Select model, create version¶

Open the Customer 360 page and select a database. Click the menu to open the menu, and then select Predictive models. This opens the Predictive models page.

Click the Add model button and select Product Affinity. In the New model dialog assign a name to the model and add a description.

Choose field for predictions¶

Product affinity modeling helps expand audiences by focusing on customers who are most likely to purchase. Choose product attributes aligned to marketing campaigns for new product launches or product-specific sales and promotions.

Product affinity modeling uses a single field to predict customer preferences. The field for predicting customer preferences may be used with a single product affinity model.

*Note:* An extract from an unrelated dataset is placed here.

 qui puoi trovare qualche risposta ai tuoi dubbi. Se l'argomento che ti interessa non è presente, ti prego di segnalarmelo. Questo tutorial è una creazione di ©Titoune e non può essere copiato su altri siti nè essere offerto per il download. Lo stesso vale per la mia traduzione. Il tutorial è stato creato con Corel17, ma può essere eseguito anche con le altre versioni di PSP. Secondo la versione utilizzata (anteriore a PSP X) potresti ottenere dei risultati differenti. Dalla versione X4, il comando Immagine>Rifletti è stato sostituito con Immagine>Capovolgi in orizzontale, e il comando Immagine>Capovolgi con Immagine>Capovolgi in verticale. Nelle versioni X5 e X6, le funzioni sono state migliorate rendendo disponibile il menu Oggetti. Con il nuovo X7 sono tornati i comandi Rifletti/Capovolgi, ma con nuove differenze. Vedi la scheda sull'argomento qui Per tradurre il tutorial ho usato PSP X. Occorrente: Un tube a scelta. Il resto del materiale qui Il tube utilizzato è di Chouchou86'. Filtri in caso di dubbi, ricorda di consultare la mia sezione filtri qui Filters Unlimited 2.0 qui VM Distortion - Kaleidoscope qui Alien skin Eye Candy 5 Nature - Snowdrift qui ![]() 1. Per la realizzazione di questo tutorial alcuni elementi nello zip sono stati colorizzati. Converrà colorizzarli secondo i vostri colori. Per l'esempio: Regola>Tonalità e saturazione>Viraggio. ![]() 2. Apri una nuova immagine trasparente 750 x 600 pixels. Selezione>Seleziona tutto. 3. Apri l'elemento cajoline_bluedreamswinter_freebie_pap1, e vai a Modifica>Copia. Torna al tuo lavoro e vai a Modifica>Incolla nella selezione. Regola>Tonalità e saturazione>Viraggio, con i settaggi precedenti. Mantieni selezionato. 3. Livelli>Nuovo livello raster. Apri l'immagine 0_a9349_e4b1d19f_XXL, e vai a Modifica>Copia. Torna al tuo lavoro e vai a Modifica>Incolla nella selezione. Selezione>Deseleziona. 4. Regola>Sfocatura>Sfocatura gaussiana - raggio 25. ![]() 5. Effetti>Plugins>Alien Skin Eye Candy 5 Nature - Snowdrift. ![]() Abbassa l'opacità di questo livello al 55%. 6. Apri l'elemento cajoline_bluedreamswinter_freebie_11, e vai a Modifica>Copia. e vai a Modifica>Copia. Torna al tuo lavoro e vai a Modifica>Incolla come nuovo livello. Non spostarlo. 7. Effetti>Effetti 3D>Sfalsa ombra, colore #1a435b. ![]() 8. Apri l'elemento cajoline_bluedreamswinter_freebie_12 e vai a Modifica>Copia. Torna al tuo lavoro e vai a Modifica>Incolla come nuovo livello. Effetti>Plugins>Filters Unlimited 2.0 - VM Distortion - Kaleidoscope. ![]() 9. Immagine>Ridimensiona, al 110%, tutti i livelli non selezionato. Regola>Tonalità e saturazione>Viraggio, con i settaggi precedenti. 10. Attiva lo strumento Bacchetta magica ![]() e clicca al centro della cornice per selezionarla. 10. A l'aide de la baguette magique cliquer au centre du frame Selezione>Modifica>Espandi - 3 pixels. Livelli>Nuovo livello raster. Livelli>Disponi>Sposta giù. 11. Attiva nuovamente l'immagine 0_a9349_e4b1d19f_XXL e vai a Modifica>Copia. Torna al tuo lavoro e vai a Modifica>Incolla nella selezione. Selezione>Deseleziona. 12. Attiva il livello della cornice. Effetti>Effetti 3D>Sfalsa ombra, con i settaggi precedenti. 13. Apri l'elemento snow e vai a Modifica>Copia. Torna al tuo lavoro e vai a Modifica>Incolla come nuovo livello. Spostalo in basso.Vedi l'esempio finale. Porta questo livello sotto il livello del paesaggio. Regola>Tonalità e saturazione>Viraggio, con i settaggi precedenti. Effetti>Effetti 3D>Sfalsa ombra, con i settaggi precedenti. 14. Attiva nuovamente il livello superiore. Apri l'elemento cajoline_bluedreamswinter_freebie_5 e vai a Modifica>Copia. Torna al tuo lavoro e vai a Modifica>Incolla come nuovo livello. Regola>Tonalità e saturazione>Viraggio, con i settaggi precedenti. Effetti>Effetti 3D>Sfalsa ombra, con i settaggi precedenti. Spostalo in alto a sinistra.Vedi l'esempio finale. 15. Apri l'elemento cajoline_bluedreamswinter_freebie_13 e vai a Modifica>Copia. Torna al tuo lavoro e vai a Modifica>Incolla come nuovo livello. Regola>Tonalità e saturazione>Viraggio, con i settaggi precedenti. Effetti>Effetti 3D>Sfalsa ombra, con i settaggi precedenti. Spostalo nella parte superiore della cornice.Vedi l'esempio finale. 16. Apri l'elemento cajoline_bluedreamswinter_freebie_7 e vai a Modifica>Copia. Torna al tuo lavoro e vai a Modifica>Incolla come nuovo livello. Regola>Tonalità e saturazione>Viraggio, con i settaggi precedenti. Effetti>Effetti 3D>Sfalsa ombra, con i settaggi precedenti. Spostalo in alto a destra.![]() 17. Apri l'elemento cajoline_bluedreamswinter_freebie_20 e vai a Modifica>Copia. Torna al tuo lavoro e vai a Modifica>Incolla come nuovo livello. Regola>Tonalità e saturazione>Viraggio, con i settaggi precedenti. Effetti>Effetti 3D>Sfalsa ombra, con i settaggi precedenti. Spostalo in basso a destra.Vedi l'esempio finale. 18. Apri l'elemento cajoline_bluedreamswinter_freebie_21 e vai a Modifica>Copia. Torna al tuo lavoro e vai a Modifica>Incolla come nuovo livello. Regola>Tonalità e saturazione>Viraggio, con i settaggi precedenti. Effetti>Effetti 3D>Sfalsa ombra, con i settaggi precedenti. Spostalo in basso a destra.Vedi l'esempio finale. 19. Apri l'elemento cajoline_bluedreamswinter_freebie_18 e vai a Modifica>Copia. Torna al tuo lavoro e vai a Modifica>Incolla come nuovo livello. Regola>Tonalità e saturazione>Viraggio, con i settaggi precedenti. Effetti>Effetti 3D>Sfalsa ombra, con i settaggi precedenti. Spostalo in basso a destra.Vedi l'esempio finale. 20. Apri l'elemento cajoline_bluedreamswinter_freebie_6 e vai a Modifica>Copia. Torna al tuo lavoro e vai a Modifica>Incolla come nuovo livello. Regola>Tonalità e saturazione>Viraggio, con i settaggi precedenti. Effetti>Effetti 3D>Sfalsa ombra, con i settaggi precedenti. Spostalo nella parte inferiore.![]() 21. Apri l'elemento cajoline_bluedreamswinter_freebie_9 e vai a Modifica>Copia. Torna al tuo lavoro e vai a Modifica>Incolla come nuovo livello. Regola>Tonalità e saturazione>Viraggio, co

In the New model dialog, from the Product group dropdown select a field from the Unified Itemized Transactions table for predicting customer preferences. For example, Product Category, Product Subcategory, or Brand.

Caution

The value for Product group is set at model creation and cannot be changed. Create a new model to change the value for Product group.

After choosing a field for predicting customer preferences, click Create. This opens the New version dialog.

Define version settings¶

The New version dialog has two tabs: General and Advanced.

Select the General tab to configure the list of values for predicting product affinity. The list of values can be managed by rules or be managed manually.

Option	Description
Use rules	Select Rules to build a list of values automatically up to the configured maximum number of values. Use the Max product groups field to configure the maximum number of values for the selected field. The default value is “50”. Values must have at least 100 purchases during the previous 30 days and at least 250 purchases during the previous 365 days to be included in product affinity model output. Tip Use the Show ineligible slider to view values that do not meet the minimum thresholds for rules-based inclusion in product affinity modeling output.
Manually	Select Manual to choose the list of values included in model output. Only selected values with at least 100 purchases during the previous 30 days and at least 250 purchases during the previous 365 days are included in product affinity modeling output.

Option

Description

Use rules

Select Rules to build a list of values automatically up to the configured maximum number of values.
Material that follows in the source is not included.